Our study did not found any significant differences for the risk of death and arteriothrombotic events, irrespective comparisons of anti-VEGF inhibitors versus control, or various anti-VEGF inhibitors. These results were consistent with the results from the Nguyen et al.'s study [18]. However, they point out that the use of bevacizumab was associated with an increased risk of at least 1 serious systemic adverse event as compared with ranibizumab, irrespective after 1 and 2 years. The potential reason for these venous thrombotic adverse events was more frequent when treated with bevacizumab.

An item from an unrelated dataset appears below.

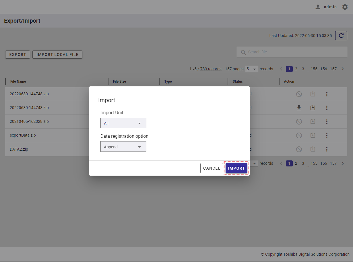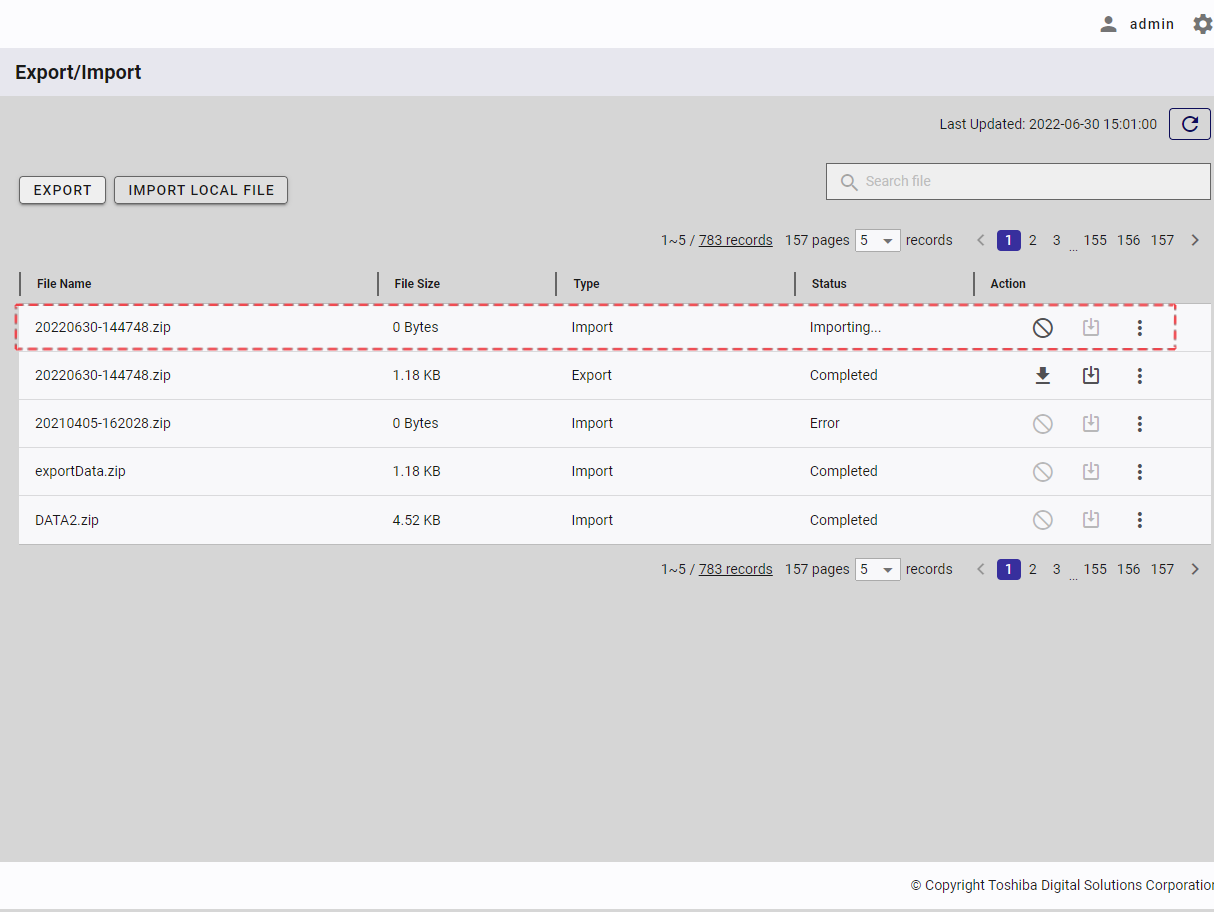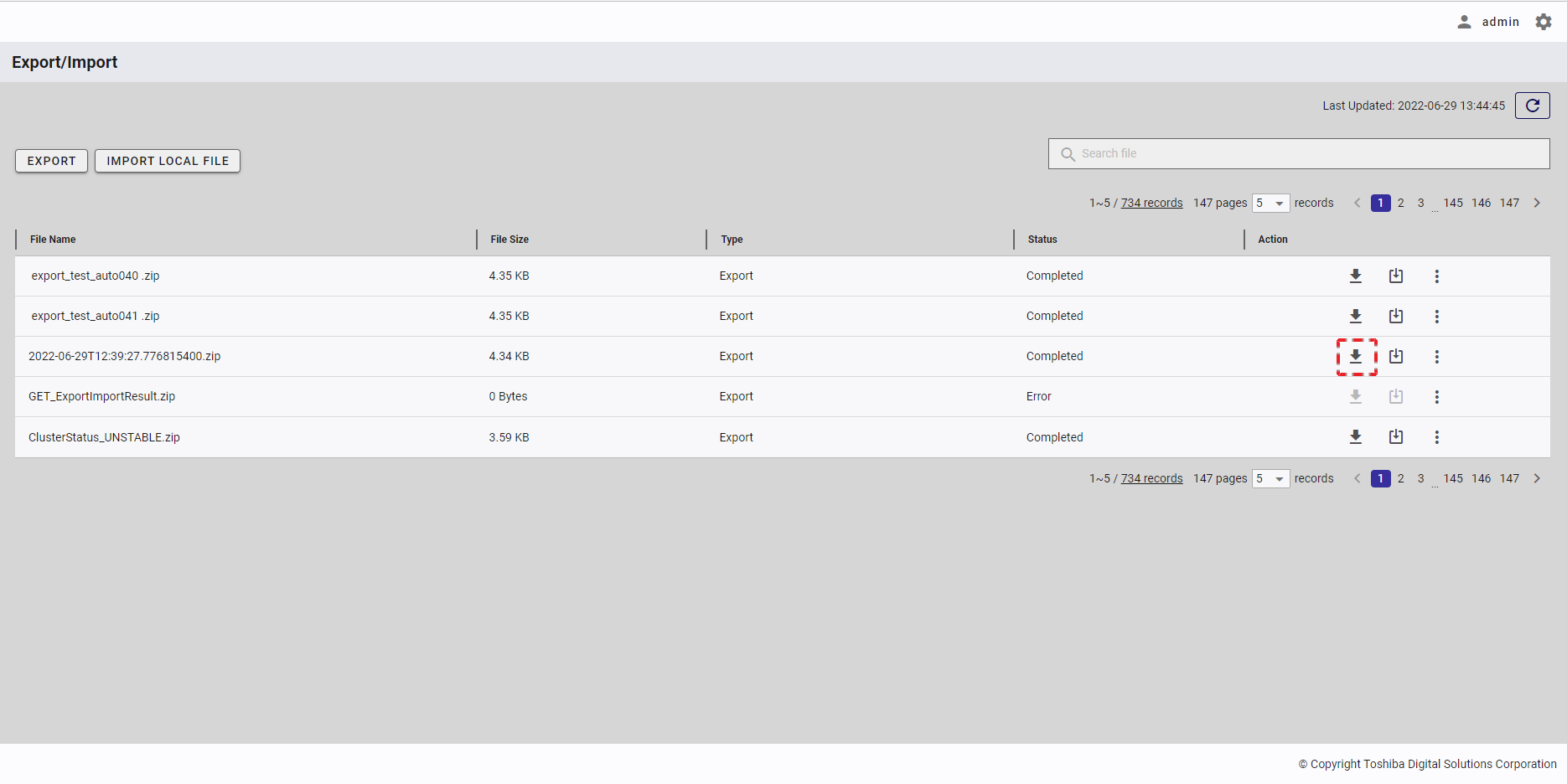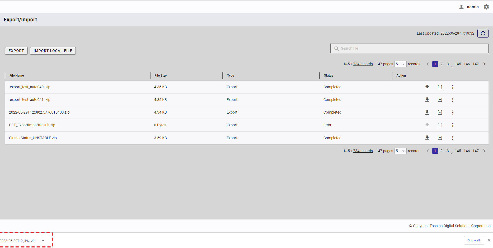 | 17 | Export/Import | 最新ステータスのエクスポートタスクおよびインポートタスクを一覧表示します。 | + | + |
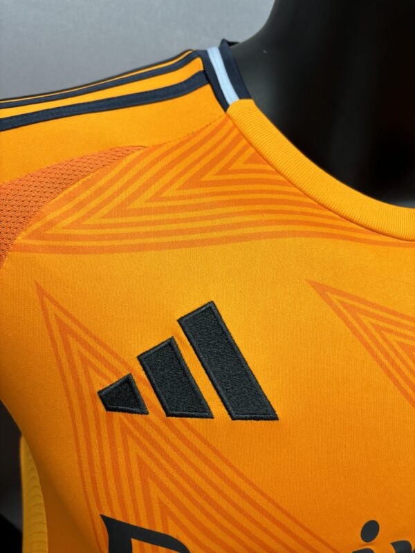 Look and feel like the real deal when you add this 2024/25 Jersey to your Real Madrid collection. This adidas gear features AEROREADY technology as well as ventilated, mesh panels that work together to keep you dry and comfortable all game long. Its exciting Real Madrid graphics will get you pumped to cheer on your favorite team as they take the pitch.

Although this study provides comprehensive quantitative results, several shortcoming of this study should be mentioned: (1) smaller number of trials reported the effects of anti-VEGF inhibitors after 2 years, and the pooled effect estimates were not robustness; (2) stratified analyses according to the severity of neovascular AMD were not conducted because of this information was not reported in most studies; (3) the analysis of this study used pooled data, and the detail analyses were restricted; and (4) the results of this study are based on published RCTs, and publication bias was inevitable.

5. Conclusion

This study found that the use of anti-VEGF inhibitors could yield better efficacious than non-anti-VEGF intervention on BCVA (in letters), or central macular thickness, and increased the incidence of gain of 15 or more letter visual acuity. Moreover, there were no significant differences for the risk of death and arteriothrombotic events among anti-VEGF inhibitors and control intervention. Further large-scale RCT should be conducted to assess the long-term effects of anti-VEGF inhibitors for patients with neovascular AMD.